Directions for this task
With both ends included, repeat exactly the lines of the entries below from the one containing "Настоящее имя Ким" down to the one containing "A kertre néző", and no others.

Data for the task
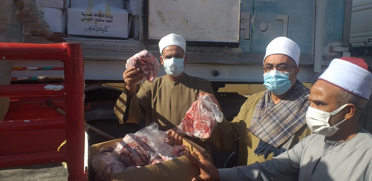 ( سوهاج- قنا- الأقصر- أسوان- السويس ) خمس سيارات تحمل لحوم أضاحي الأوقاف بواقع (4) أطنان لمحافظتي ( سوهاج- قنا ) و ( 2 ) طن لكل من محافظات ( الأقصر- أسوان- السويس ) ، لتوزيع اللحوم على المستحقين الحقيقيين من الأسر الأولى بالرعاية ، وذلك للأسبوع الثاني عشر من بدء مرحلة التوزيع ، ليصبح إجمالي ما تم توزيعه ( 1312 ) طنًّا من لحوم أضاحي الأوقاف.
...
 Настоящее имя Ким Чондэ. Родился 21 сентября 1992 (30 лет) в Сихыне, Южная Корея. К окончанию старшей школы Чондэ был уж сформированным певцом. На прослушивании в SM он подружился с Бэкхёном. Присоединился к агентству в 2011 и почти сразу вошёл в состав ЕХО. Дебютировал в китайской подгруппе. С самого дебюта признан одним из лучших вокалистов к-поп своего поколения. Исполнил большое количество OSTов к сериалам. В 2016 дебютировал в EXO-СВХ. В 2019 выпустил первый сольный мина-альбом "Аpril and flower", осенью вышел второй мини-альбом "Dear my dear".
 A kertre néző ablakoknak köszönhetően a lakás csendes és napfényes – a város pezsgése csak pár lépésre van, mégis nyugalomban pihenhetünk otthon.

Answer to this exercise
 Настоящее имя Ким Чондэ. Родился 21 сентября 1992 (30 лет) в Сихыне, Южная Корея. К окончанию старшей школы Чондэ был уж сформированным певцом. На прослушивании в SM он подружился с Бэкхёном. Присоединился к агентству в 2011 и почти сразу вошёл в состав ЕХО. Дебютировал в китайской подгруппе. С самого дебюта признан одним из лучших вокалистов к-поп своего поколения. Исполнил большое количество OSTов к сериалам. В 2016 дебютировал в EXO-СВХ. В 2019 выпустил первый сольный мина-альбом "Аpril and flower", осенью вышел второй мини-альбом "Dear my dear".
 A kertre néző ablakoknak köszönhetően a lakás csendes és napfényes – a város pezsgése csak pár lépésre van, mégis nyugalomban pihenhetünk otthon.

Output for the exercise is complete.